§ **RECORDED INFORMATION**:
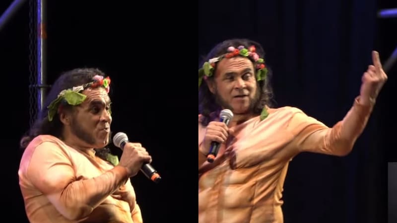 Vestido como una especie de Adán, como Dios lo trajo al mundo, la rutina del comediante se basó en chistes sobre el sexo, pero que no tuvieron ni pies ni cabeza, y con menos remate que Salomón Rodríguez en Colo Colo. El resultado: un público que lo esperó, pero que después vio colmada su paciencia.
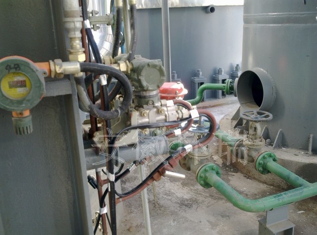 壓力變送器液位計常應氣候溫度過低,造成堵塞現象,需要電伴熱防凍,渝豐化工要求其冬季維持溫度為5--10℃,并且要求電伴熱帶具有防爆防腐功能。安徽環瑞提供ZRDHR-PF46滿足客戶對使用場合及維持溫度要求,其最高表面溫度為70℃,耐溫可達200℃。可保證維持溫度的情況下,不會出現溫度過高的情況,更加經濟安全,而針對現場細長狹窄的地方自限溫電熱帶可實現交叉纏繞,解決局部伴熱的問題。以下為現場施工安裝圖:
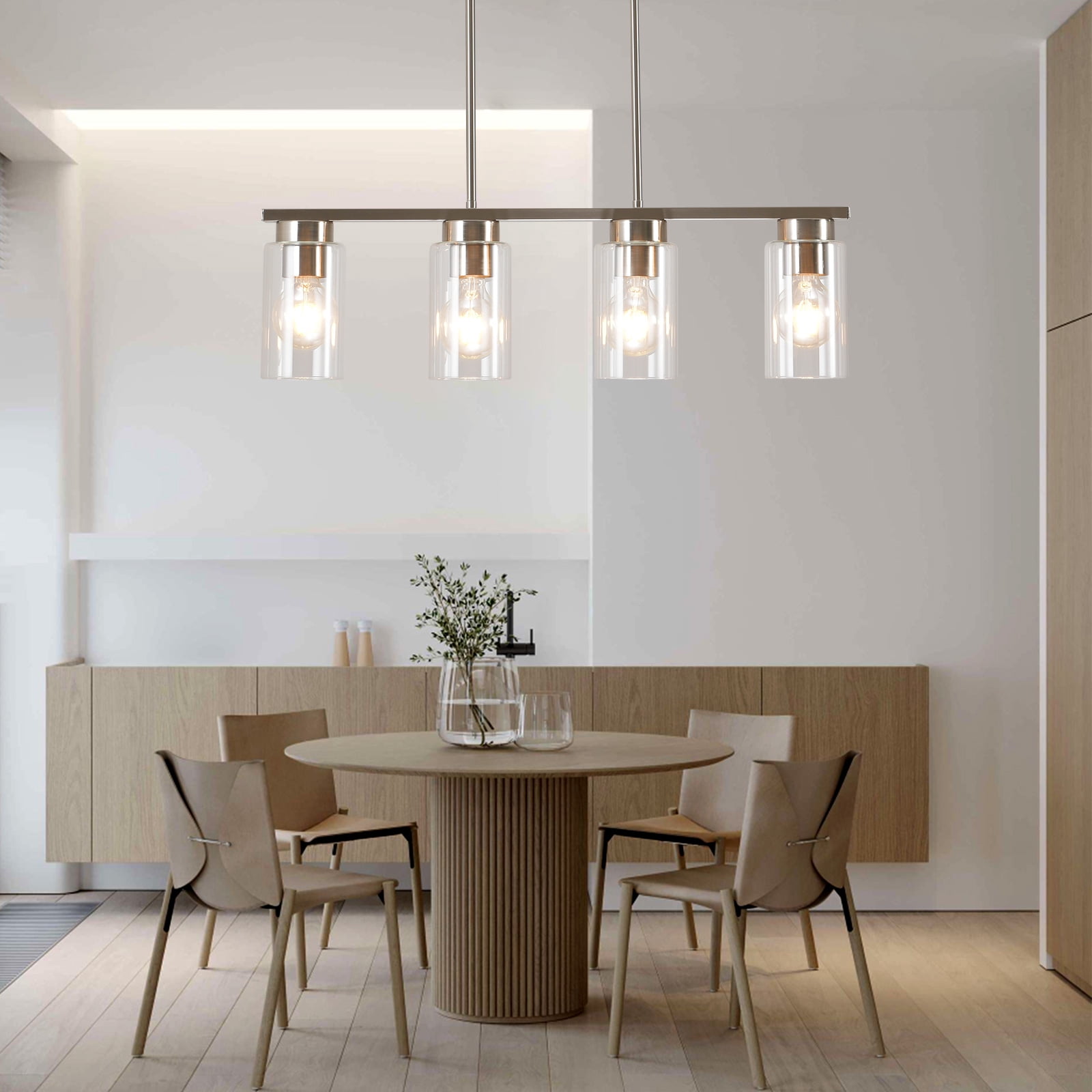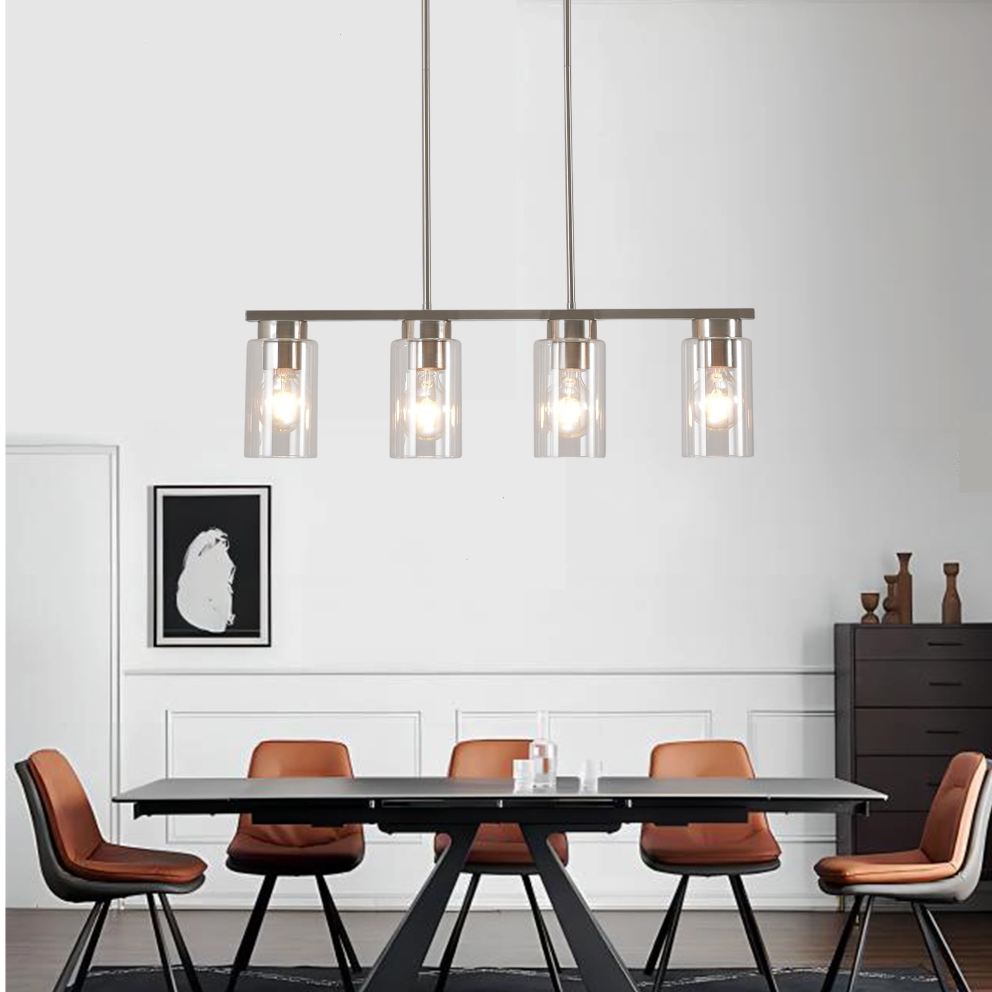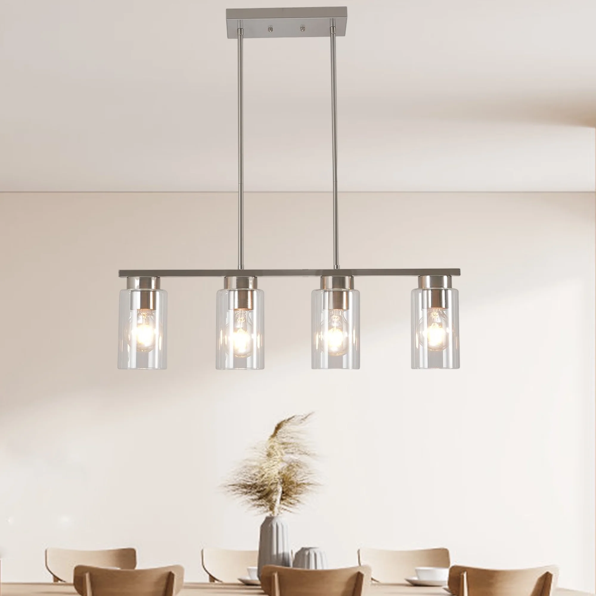 The kitchen island light fixtures with 4 glass cylinder shade and polished chrome finish, the glass shades of the linear pendant light brush nickel create a wonderful glow, bring an elegant and concise atmosphere to your home. It is definitely the best choice for your home lighting and decoration.This 4-Light island pendant light allows you to freely adjust the length of the rod to suit different ceiling heights according to your needs Specification: Material:Metal and Glass Color:Brushed Nickel Wattage:Max 60W Light Source:E26 Max 60W (Bulb Not Include) Light Bulb Type:CFL/LED/INCANDESCENT/HALOGEN (Compatible with dimmable bulb) Bulb base:Compatible with any type of E26 bulb Light Bulb Included:NO Number Of Lights:4 Power Source:Corded-electric Voltage:110-120 Volts Application environment:Dry locations Application Area:Kitchen; dining room; bedroom; living room; hallway; basement; farmhouse;coffee bar; restaurant; beauty salon; basement;study room; loft;library; powder room; dressing room Package contents: ✔Light fixture *1 ✔Lampshade *4 ✔Mounting accessories*1 set
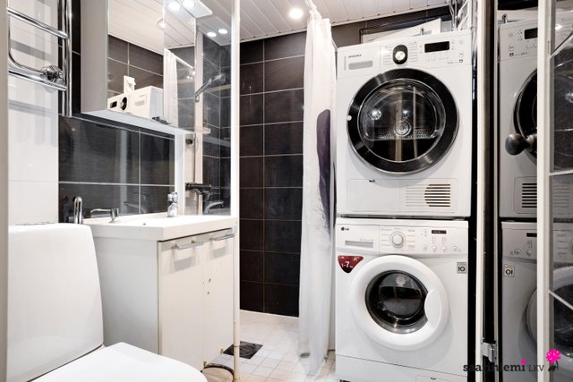 - WC-istuin, suihku, suihkuseinä, pesukoneliitäntä, peilikaappi, pesuallas, allaskaappi, bidee-suihku, ja tila pesutornille, pyyhekuivain/seinäpatteri

§ **WHAT YOU WILL DO**:
Every line above is to be written out unchanged, with the pictures omitted.

§ **ANSWER TO THIS EXERCISE**:
 Vestido como una especie de Adán, como Dios lo trajo al mundo, la rutina del comediante se basó en chistes sobre el sexo, pero que no tuvieron ni pies ni cabeza, y con menos remate que Salomón Rodríguez en Colo Colo. El resultado: un público que lo esperó, pero que después vio colmada su paciencia.
 壓力變送器液位計常應氣候溫度過低,造成堵塞現象,需要電伴熱防凍,渝豐化工要求其冬季維持溫度為5--10℃,并且要求電伴熱帶具有防爆防腐功能。安徽環瑞提供ZRDHR-PF46滿足客戶對使用場合及維持溫度要求,其最高表面溫度為70℃,耐溫可達200℃。可保證維持溫度的情況下,不會出現溫度過高的情況,更加經濟安全,而針對現場細長狹窄的地方自限溫電熱帶可實現交叉纏繞,解決局部伴熱的問題。以下為現場施工安裝圖:
 The kitchen island light fixtures with 4 glass cylinder shade and polished chrome finish, the glass shades of the linear pendant light brush nickel create a wonderful glow, bring an elegant and concise atmosphere to your home. It is definitely the best choice for your home lighting and decoration.This 4-Light island pendant light allows you to freely adjust the length of the rod to suit different ceiling heights according to your needs Specification: Material:Metal and Glass Color:Brushed Nickel Wattage:Max 60W Light Source:E26 Max 60W (Bulb Not Include) Light Bulb Type:CFL/LED/INCANDESCENT/HALOGEN (Compatible with dimmable bulb) Bulb base:Compatible with any type of E26 bulb Light Bulb Included:NO Number Of Lights:4 Power Source:Corded-electric Voltage:110-120 Volts Application environment:Dry locations Application Area:Kitchen; dining room; bedroom; living room; hallway; basement; farmhouse;coffee bar; restaurant; beauty salon; basement;study room; loft;library; powder room; dressing room Package contents: ✔Light fixture *1 ✔Lampshade *4 ✔Mounting accessories*1 set
 - WC-istuin, suihku, suihkuseinä, pesukoneliitäntä, peilikaappi, pesuallas, allaskaappi, bidee-suihku, ja tila pesutornille, pyyhekuivain/seinäpatteri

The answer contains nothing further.